The cost of servicing a mortgage has risen at its fastest rate in more than seven years for most Australians, despite the Reserve Bank’s 16-month freeze on the cash rate.
According to the latest cost of living data from the Australian Bureau of Statistics (ABS), interest charges on mortgages for employed Aussies have risen by 4.5% since December, more than double the official rate of inflation. (The official cash rate has remained frozen at 1.5%.)
On Wednesday, a polemic report from the Productivity Commission accused the Big Four of taking advantage of existing customers by offering them higher interest rates than they do to new customers.
The Productivity Commission added that loyal customers were “ripe for exploitation,” with one in two people still banking with their first bank while accepting interest rates on home loans up to 0.4% higher than new customers.
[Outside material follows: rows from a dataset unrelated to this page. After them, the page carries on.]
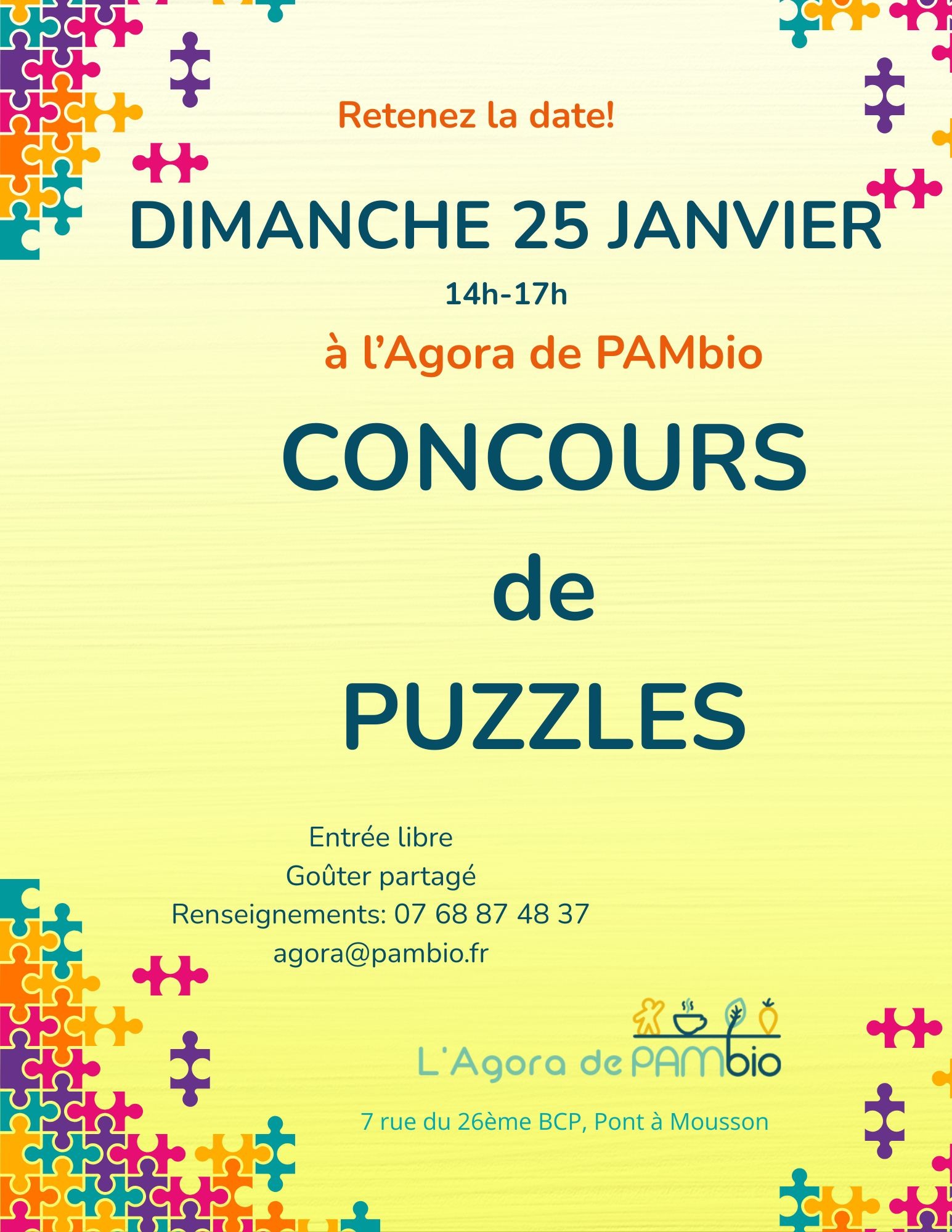 Les portes de l'Agora s'ouvrent dès 14h à tous les amateurs : des équipes, des puzzles 1500 pièces, qui finira en premier ? Des lots, un goûter partagé, tous les ingrédients pour un chaleureux après-midi hivernal !
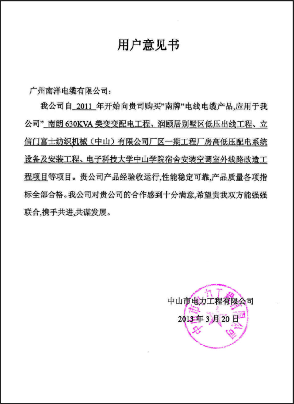 中山电力用户意见书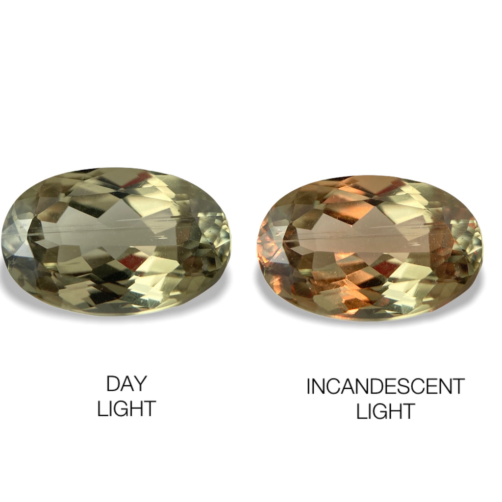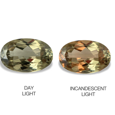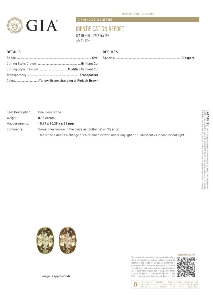 8.13cts GIA Natural Khaki Green Diaspore Color Change Gemstone - Oval Shape - 21857RGT

The report found that the Turnbull government and the Australian Prudential Regulation Authority (APRA) had inadvertently provided a $500m windfall to the banking sector in their effort to cool the overheated housing markets in the east coast capitals.
Banks have responded to orders from APRA to curb interest-only home loans by raising interest rates, not just for new loans, but for all existing investor home loans.
“It is completely unsurprising that faced with the opportunity to re-price their loan book as a consequence of regulatory changes, banks did just that,” the Commission said.